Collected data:
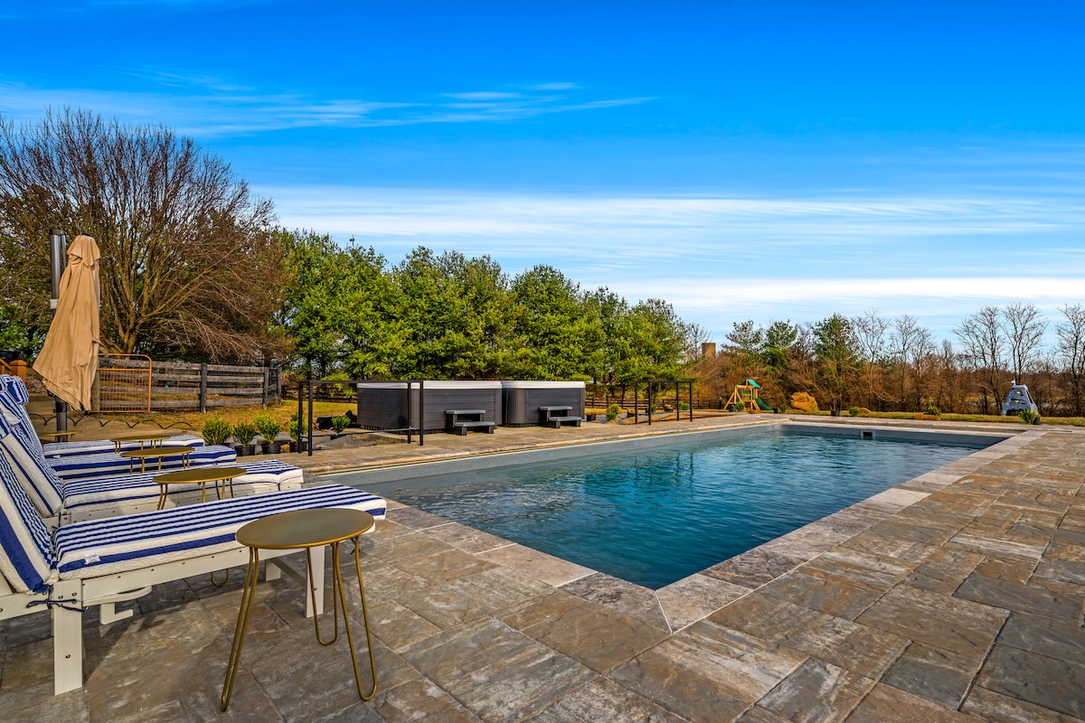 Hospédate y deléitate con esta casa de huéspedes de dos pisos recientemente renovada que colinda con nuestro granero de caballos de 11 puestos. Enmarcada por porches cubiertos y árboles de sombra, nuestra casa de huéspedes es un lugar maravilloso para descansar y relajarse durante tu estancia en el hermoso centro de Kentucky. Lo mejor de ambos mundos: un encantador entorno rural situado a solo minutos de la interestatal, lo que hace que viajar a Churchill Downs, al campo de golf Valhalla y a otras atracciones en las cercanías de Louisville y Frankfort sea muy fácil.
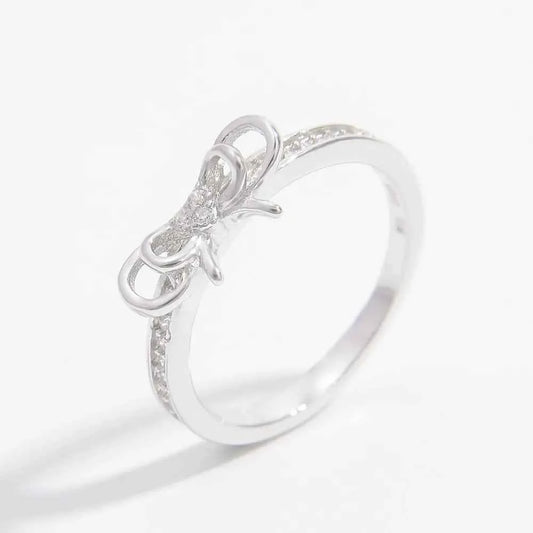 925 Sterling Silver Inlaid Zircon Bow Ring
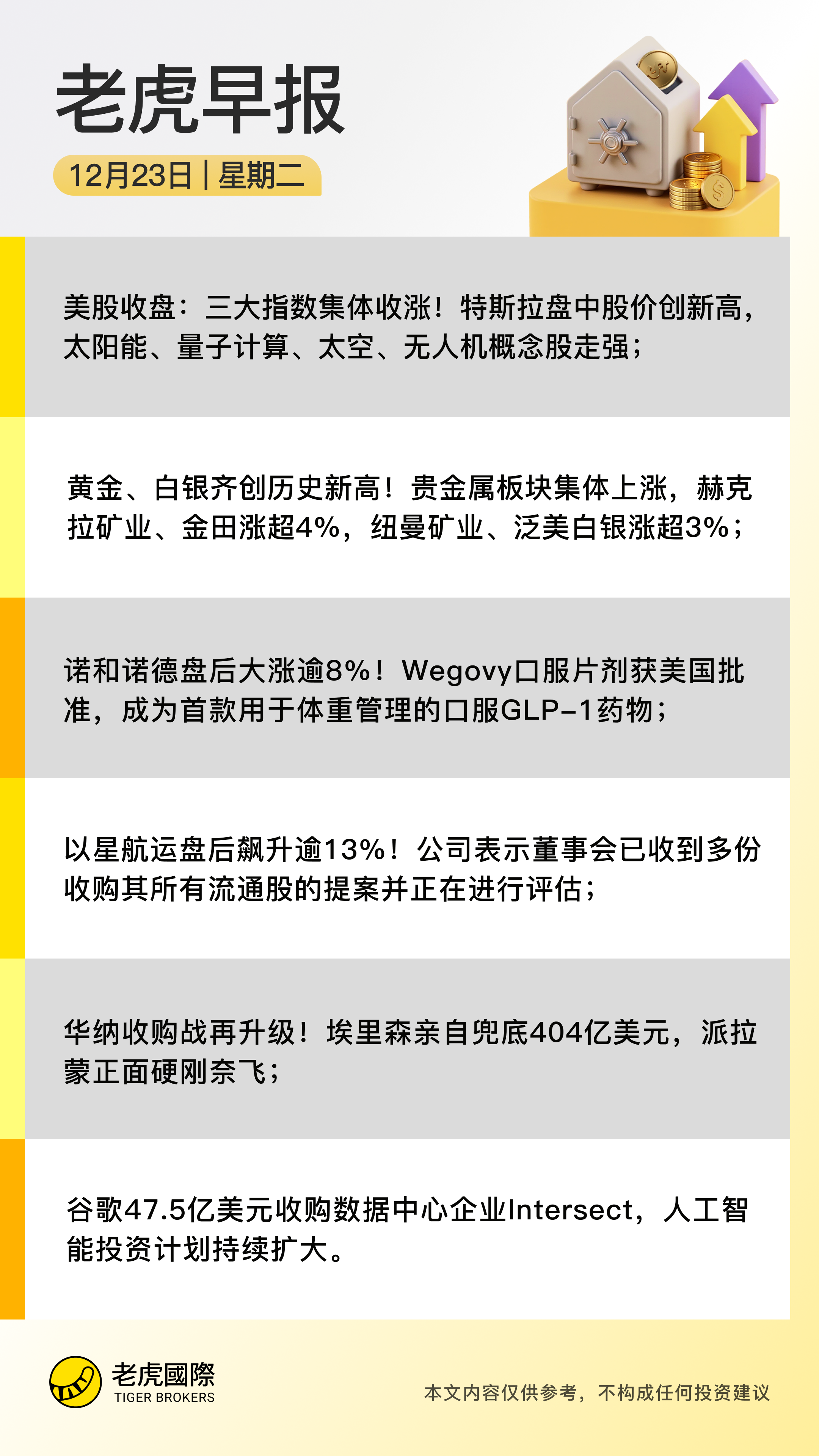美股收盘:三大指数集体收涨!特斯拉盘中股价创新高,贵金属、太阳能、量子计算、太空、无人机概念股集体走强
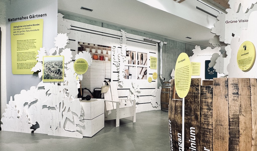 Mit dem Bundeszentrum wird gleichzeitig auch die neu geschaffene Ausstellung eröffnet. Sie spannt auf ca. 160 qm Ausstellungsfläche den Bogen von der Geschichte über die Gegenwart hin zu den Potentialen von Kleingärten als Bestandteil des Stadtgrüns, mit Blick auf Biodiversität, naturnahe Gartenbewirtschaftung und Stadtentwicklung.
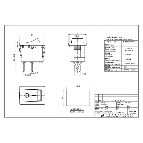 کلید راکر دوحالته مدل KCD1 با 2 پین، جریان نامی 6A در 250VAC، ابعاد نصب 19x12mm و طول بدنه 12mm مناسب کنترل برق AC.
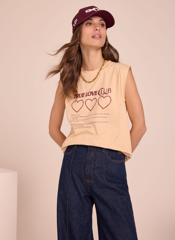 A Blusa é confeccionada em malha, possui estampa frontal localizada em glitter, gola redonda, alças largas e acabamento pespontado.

= Exercise =
Produce an exact copy of only those lines that run from the line with "کلید راکر دوحالته" to the final line of the records, including both; exclude images.

= Solved problem =
 کلید راکر دوحالته مدل KCD1 با 2 پین، جریان نامی 6A در 250VAC، ابعاد نصب 19x12mm و طول بدنه 12mm مناسب کنترل برق AC.
 A Blusa é confeccionada em malha, possui estampa frontal localizada em glitter, gola redonda, alças largas e acabamento pespontado.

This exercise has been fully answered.